__What is required__
Exact copies of the lines below are the goal; any images in them are dropped.

__Data shown__
######

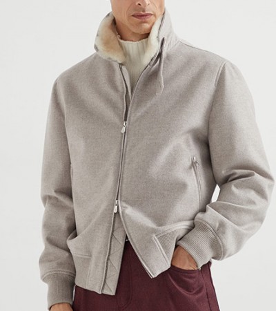 • [홍콩명품.Brunello Cucinelli ] 브루넬로 쿠치넬리 25SS 로고 시어링 캐시미어 봄버 자켓 (그레이), BM23823, PG, 레플리카의류,미러급사이트
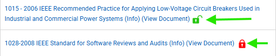 Lorsque vous effectuez une recherche dans la bibliothèque, vous remarquerez peut-être que certains documents sont accompagnés d'une icône représentant un cadenas à côté du titre. Ces icônes apparaissent à côté des normes industrielles que Nimonik propose désormais à l'achat dans le cadre d'un service d'abonnement. L'abonnement à une norme auprès de Nimonik permet aux utilisateurs d'accéder aux normes, de les consulter et de les télécharger à partir du logiciel.
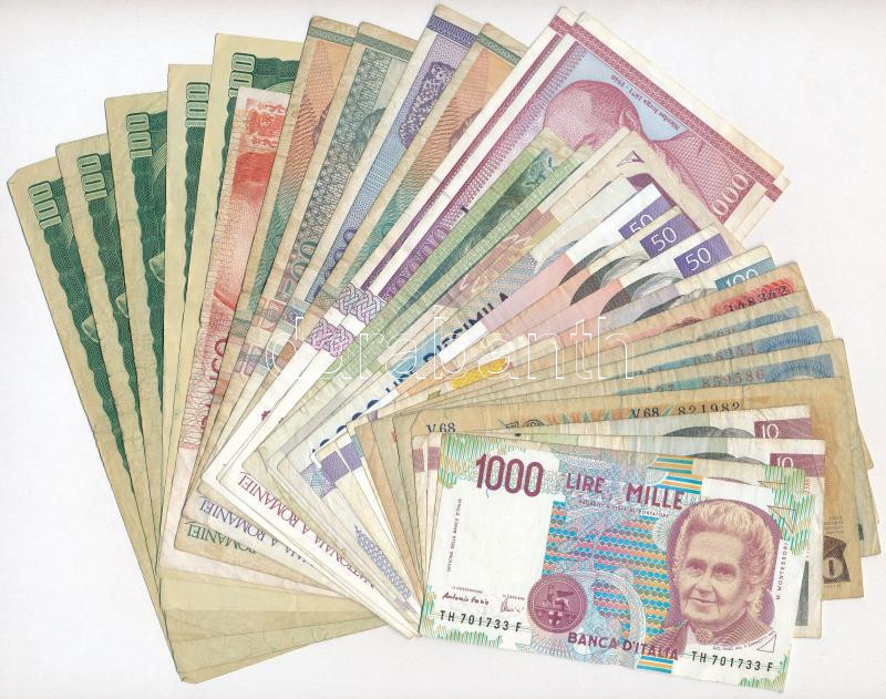 Vegyes: 31db-os papírpénz tétel, európai országok csehszlovák, román, szlovén és spanyol bankjegyek T:III

######

__Exercise result__
 • [홍콩명품.Brunello Cucinelli ] 브루넬로 쿠치넬리 25SS 로고 시어링 캐시미어 봄버 자켓 (그레이), BM23823, PG, 레플리카의류,미러급사이트
 Lorsque vous effectuez une recherche dans la bibliothèque, vous remarquerez peut-être que certains documents sont accompagnés d'une icône représentant un cadenas à côté du titre. Ces icônes apparaissent à côté des normes industrielles que Nimonik propose désormais à l'achat dans le cadre d'un service d'abonnement. L'abonnement à une norme auprès de Nimonik permet aux utilisateurs d'accéder aux normes, de les consulter et de les télécharger à partir du logiciel.
 Vegyes: 31db-os papírpénz tétel, európai országok csehszlovák, román, szlovén és spanyol bankjegyek T:III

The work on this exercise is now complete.